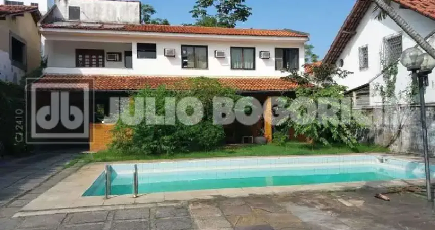 Casa duplex à venda na Freguesia de Jacarepaguá, com 4 quartos, sendo 1 suíte. O imóvel possui duas salas amplas com teto em madeira de lei, jardim de inverno, lavabo, escritório e copa-cozinha com armários. Conta ainda com área de serviço lateral e um varandão com acesso por portas de madeira, com vista para a piscina.
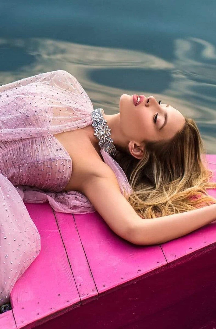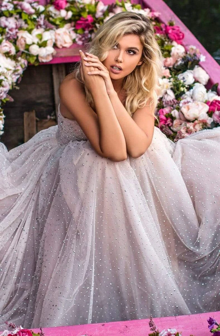 Waltz into the party and feel like a queen in this design by Tarik Ediz 50764. This embellished piece features a strapless, sweetheart neckline with a corset bodice. The skirt flourishes a ballgown silhouette. This masterpiece is tailored with a matching cape detail. Get on the best-dressed lists in this lavish creation from Tarik Ediz. Models are wearing Pink and Stone colors.
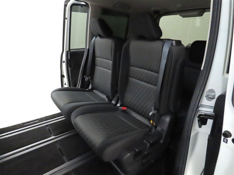 セカンドシートを倒すとフラットな空間が広がります。ぜひ現車でご確認ください。
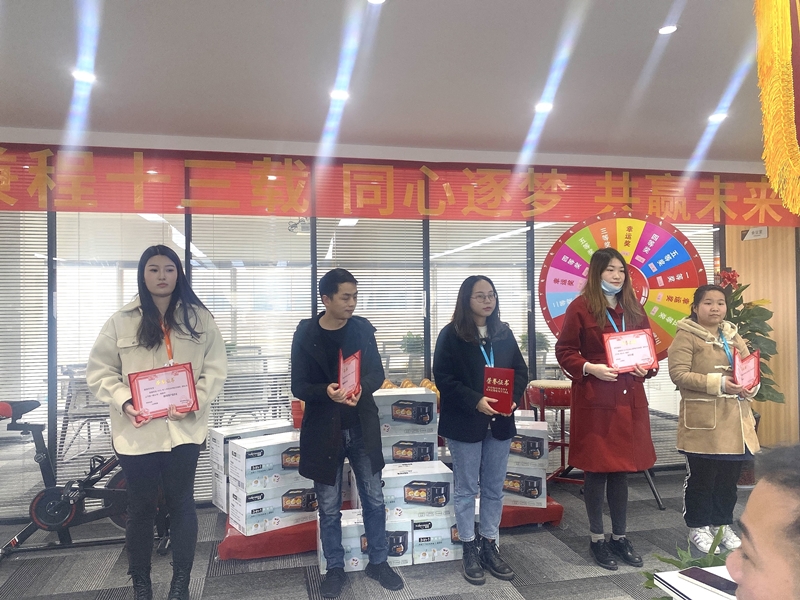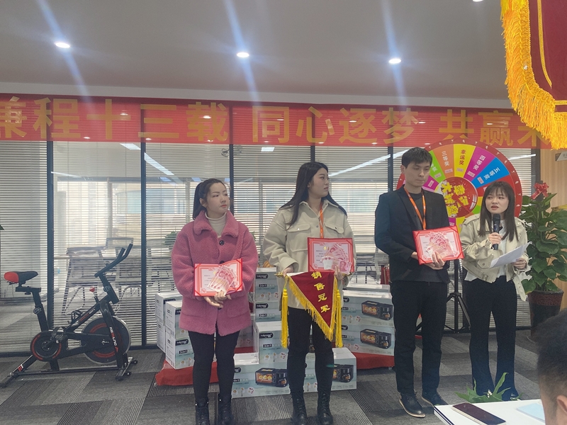 接下來頒發(fā)服務(wù)之星:夏靖富,技術(shù)之星;何蘭潔,最佳通話時長:蔣雙雙,邀約最多;徐輝,新客戶最多:龔美宇。
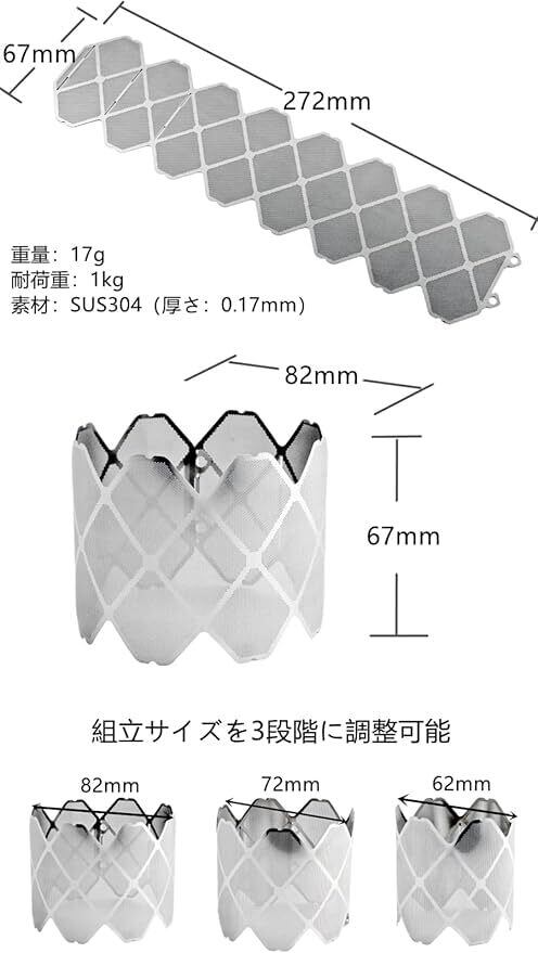 組立サイズを3段階に調整可能(直径:82㎜、72㎜、62㎜)なので様々なクッカーやストーブと合わせることができます。

______

▶ _Problem_
With pictures excluded, copy exactly the lines from the line containing "Waltz into the" through the last line of the listing above, both ends included.

▶ _Solution to this exercise_
 Waltz into the party and feel like a queen in this design by Tarik Ediz 50764. This embellished piece features a strapless, sweetheart neckline with a corset bodice. The skirt flourishes a ballgown silhouette. This masterpiece is tailored with a matching cape detail. Get on the best-dressed lists in this lavish creation from Tarik Ediz. Models are wearing Pink and Stone colors.
 セカンドシートを倒すとフラットな空間が広がります。ぜひ現車でご確認ください。
 接下來頒發(fā)服務(wù)之星:夏靖富,技術(shù)之星;何蘭潔,最佳通話時長:蔣雙雙,邀約最多;徐輝,新客戶最多:龔美宇。
 組立サイズを3段階に調整可能(直径:82㎜、72㎜、62㎜)なので様々なクッカーやストーブと合わせることができます。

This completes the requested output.